The Commission received 9,967 cases up to August 2023, out of which 2,708 belong to Balochistan. It may be noted that the very term ‘enforced disappearance’ by definition means that abduction and confinement are carried out by officials of the state.
Secondly, the then Commission chairman, retired justice Kamal Mansur Alam and two other retired justices, in their report dated Dec 31, 2010, have systematically documented the state’s institutional policy of enforced disappearances.
Thirdly, Hein G. Kiessling, in his book Faith, Unity, Discipline, has attached statements, which he claims were sent to him by Pakistan’s premier intelligence agency, acknowledging the practice of enforced disappearances in Pakistan.
The Pakistani state engages in enforced disappearances as policy in unique fashion.
Fourthly, in addition to the Commission of Enquiry on Enforced Disappearances, and considering the seriousness of the issue, the state also established the Federal Task Force on Missing Persons in 2013 to give recommendations to resolve this problem. But, what is shocking is that despite these damning admissions, the cases received/ registered at the Commission continue to grow every month (for example, 157 in July 2023, 74 in August 2023), which discloses a dangerous trend.
This trend is that, instead of gradually eliminating the practice of enforced disappearances, the Commission has become a clearing house for the rationalisation and stabilisation of this unconstitutional injustice.
Silver linings: Repression breeds resistance and this resistance in the context of the missing Baloch has come from mainly two quarters. Firstly, the mobilisation of the Baloch people in particular and Pakistani society in general against enforced disappearances is the result of various movements led by individuals such as Mama Qadeer, Dr Mahrang Baloch, Amna Janjua and many other women and men.
To take the example of the current long march led by Dr Baloch, her political wisdom, mobilisation strategy, narrative building and sheer courage, puts to shame the “establishment democracy” (a term used by political scientist Dr Mohammad Waseem) of the mainstream political parties by exposing their irrelevance to the Baloch masses. Moreover, the current societal consensus against enforced disappearance is mainly the result of such warrior women and children, Baloch and non-Baloch.

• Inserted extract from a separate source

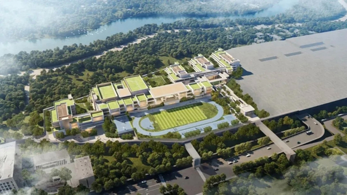 项目位于余杭区杭州西动车所盖板之上,临近地铁19号线苕溪站,是一座名副其实的“空中校园”。根据规划,学校总建筑面积约88690平方米,将建设包括教学楼、综合楼、体育馆、食堂、报告厅等在内的完备设施,致力于打造一个功能合理、舒适宜人的现代化校园环境,充分满足未来师生的教学与成长需求。

Secondly, on the plane of constitutional and legal theory and practice, there is now judicial consensus that enforced disappearances are the worst form of constitutional evil, a “crime against humanity” as declared by the Pakistani Supreme Court. But no judicial issue requires more judicial courage than to speak for the missing Baloch. And in coming to the rescue of the missing Baloch, the names of four judges stands out: former CJP Iftikhar Chaudhry, former CJP Jawwad Khawaja, Justice Athar Minallah and Justice Mohsin Akhtar Kayani. Their pen may have been defeated by the sword but the sword’s true colours have also been exposed.

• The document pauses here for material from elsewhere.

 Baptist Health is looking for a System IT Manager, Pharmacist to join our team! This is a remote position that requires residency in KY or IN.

No solution: These silver linings apparently give the impression of hope for a possible solution to the enforced disappearances problem, but sadly, it is really a false dawn for the following reasons.
Firstly, unlike the rural-based, sardar-led and incipient nationalism of past Baloch insurgencies, the present insurgency is urbanised, has mobilised society on a large scale — and, crucially, includes Baloch women — is youth-based, is middle class-led and has developed into a fully developed nationalist movement. A state which tries to counter nationalism through enforced disappearances is interested in suppression, not solutions.
Secondly, the intention and policy of the state is clear from the fact that it is headed by a caretaker prime minister, who believes the ballot/ democracy is not the solution to the Baloch problem.
Thirdly, the trend in national as well as Baloch politics has radically shifted to establishment democracy, especially since 2017, and enforced disappearance is the last item on the agenda of the mainstream parties.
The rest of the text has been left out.